Savage Hearts
I curse. “That’s ridiculous. Is it too late to cancel? You could come stay with me. I’ve got a little cabin at this hippie compound near the national park, where the company I’m working for houses their guides. It’s only a five-minute drive from The Seasons.”
“You’re working here?” she asks, glancing up at me, obviously surprised.
I smile. “I’m on staff at Extreme Canopy Zip Line Adventure Tours for the next week and a half. They needed someone to train their staff on cliff camping and I needed an alibi. Figured it was a good match.”
Sam shakes her head, but I can tell she’s impressed. “You’ve really thought this through.”
“I come from a long line of people who don’t mind operating outside the law,” I say, the conversation reminding me of my talk with my sister and the things she made me promise. “I wanted to go after them as soon as I found out what happened, but Caitlin warned me to wait at least a year, give them a chance to drop their guard and make sure I didn’t go off half-cocked. I had a few broken fingers at the time, too, so that wasn’t ideal for strangling people with my bare hands.”
Sam grabs a handful of my tee shirt, holding tight as she suddenly stops in the middle of the trail.

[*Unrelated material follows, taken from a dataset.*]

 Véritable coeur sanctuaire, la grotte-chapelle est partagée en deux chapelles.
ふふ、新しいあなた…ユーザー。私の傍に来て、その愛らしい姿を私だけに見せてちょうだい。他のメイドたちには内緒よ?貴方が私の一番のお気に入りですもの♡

I turn to face her, every nerve in my body prickling with awareness. She isn’t even touching my skin, but this is the first time she’s instigated physical contact and my gut desperately wants to believe it means something, even if my head knows better.

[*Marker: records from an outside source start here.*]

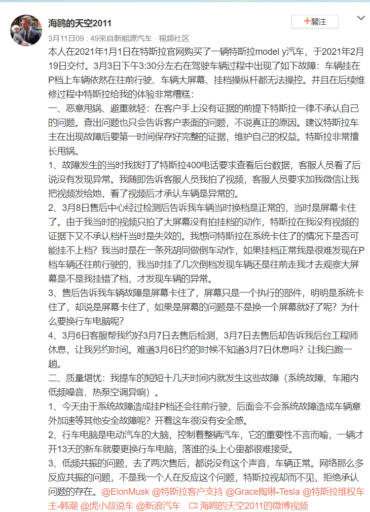 微博网友“海鸥的天空2011”在3月11日发帖表示,自己购买了一辆全新特斯拉Model Y 于2月19日交付。而就在3月3日下午,新车出现了挂P挡,仍然往前行驶的故障,同时车辆大屏幕、挂挡操纵杆都无法操控。车主还录下了当时的故障视频,并上传到了微博上。
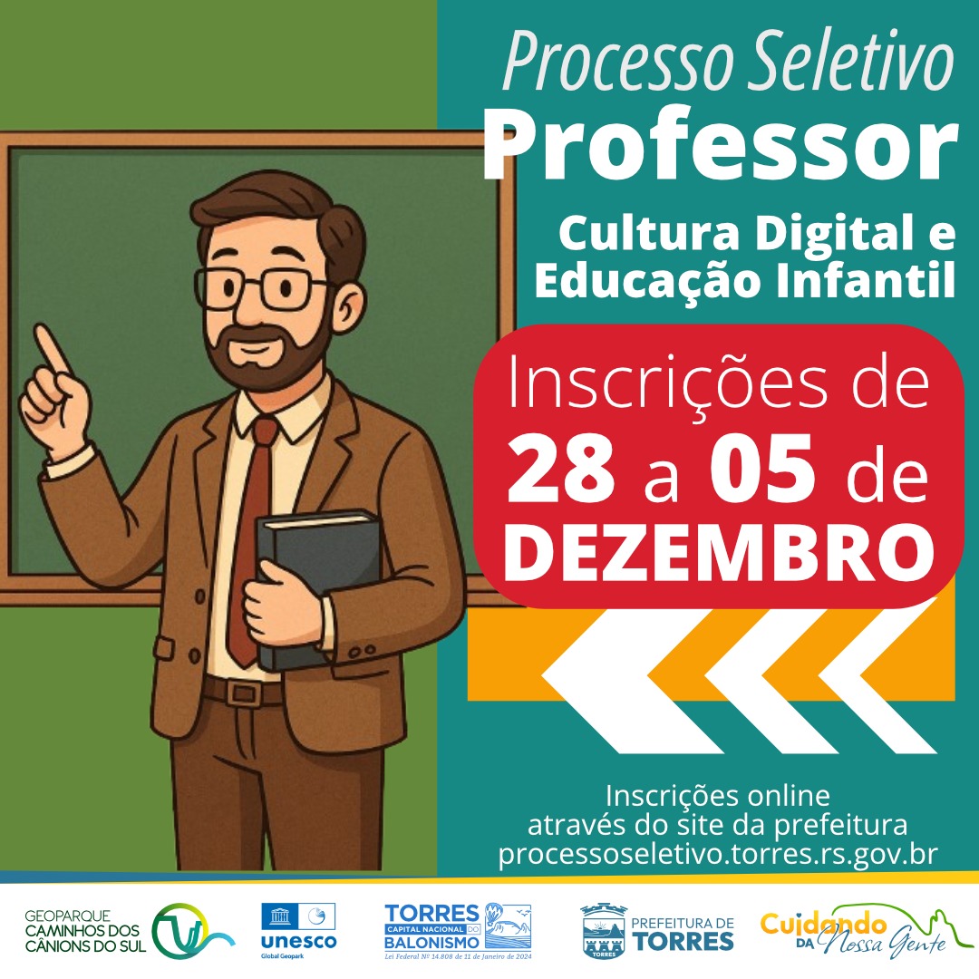 A Prefeitura de Torres informa que estão abertas as inscrições para o Processo Seletivo destinado à contratação temporária de profissionais para a Secretaria Municipal de Educação. As vagas são para as funções de Professor de Educação Infantil e Professor de Educação Básica em Cultura Digital.
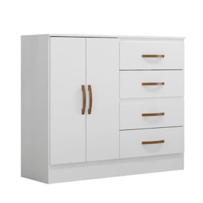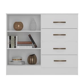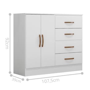 Feito em MDP. Contém 4 gavetas com corrediças metálicas facilitando a abertura e deslizamento, e 2 portas.

“I would have done the same thing for you,” she says, light flickering behind her eyes, making me think maybe her heart hasn’t gone dark forever after all. “I’m not that person anymore, but I remember…”
She takes a breath and lets it out slowly.
By the time the exhalation is finished, her eyes are shuttered once more and her hand has dropped back to her side. “That’s why I knew I had to let you stay. And help. I would want the same if I was in your position. I can’t offer much, but I can offer that.”
I want to touch her so badly it’s hell to keep my hands to myself.
I want to cup her face in my hands and tell her I have no doubt that she would have gone to hell and back to protect me if she could, or avenge me if she couldn’t. I want to tell her that I wish it had been me. That I wish I could take everything she’s suffered into myself and spare her.
I would do it in a heartbeat.
I would do anything for her.
And that’s why I keep my arms at my sides and say, “Thank you,” but nothing more.
Right now, Sam can’t handle more. But maybe someday, when all of this is over…
She’s given me no reason to hope, but I can’t help it.
When you love someone the way I love her, hope refuses to die, no matter how many times it’s kicked to the dirt. Hope will keep me reaching out for Sam, again and again, for as long as I have hands because there are some dreams a person can’t give up on, no matter what.
Chapter Seven
Sam
“None are more hopelessly enslaved
than those who falsely believe they are free.”
-Goethe
* * *
Getting in touch with Carlos again is easier than I expected.
The first time, our meeting was arranged via texts between two burner phones. I don’t expect the number he gave me to work again, but only minutes after hitting send on a text asking about making another purchase—this time a sizable amount of cocaine—I get a reply.
I lean in to whisper to Danny across our table. “He says he can do a kilo for three thousand dollars.”
We’re at one of the many outdoor cafés near the city center. The wind is blowing and no one is seated close enough to overhear our conversation, but I’m more anxious about the drug deal than I was the gun. But then, the penalties for getting caught with that much cocaine are more severe than getting caught with an assault rifle. I’m going to be vulnerable until I unload the drugs on Scott.
It’s a risk, but hopefully, as long as I’m careful, I’ll be okay.
The more I think about it, the more the idea of Scott behind bars feels like the right thing. For a spineless toad like him, even a long weekend in a cage with real criminals will be enough to make him shit his pants several times over. After a year in a foreign jail, he’ll be scarred for life and determined never to do anything that might land him in lock up again.
“If you cancel your reservation for next week and stay with me, we’ll have enough with some left over,” Danny says, pulling me from my thoughts. “Or I could pay for it. It would just be a matter of figuring out how to withdraw the cash. I’ve been living with Caitlin and Gabe the past year so I could help out with the baby. I’ve saved a lot of money not paying rent.”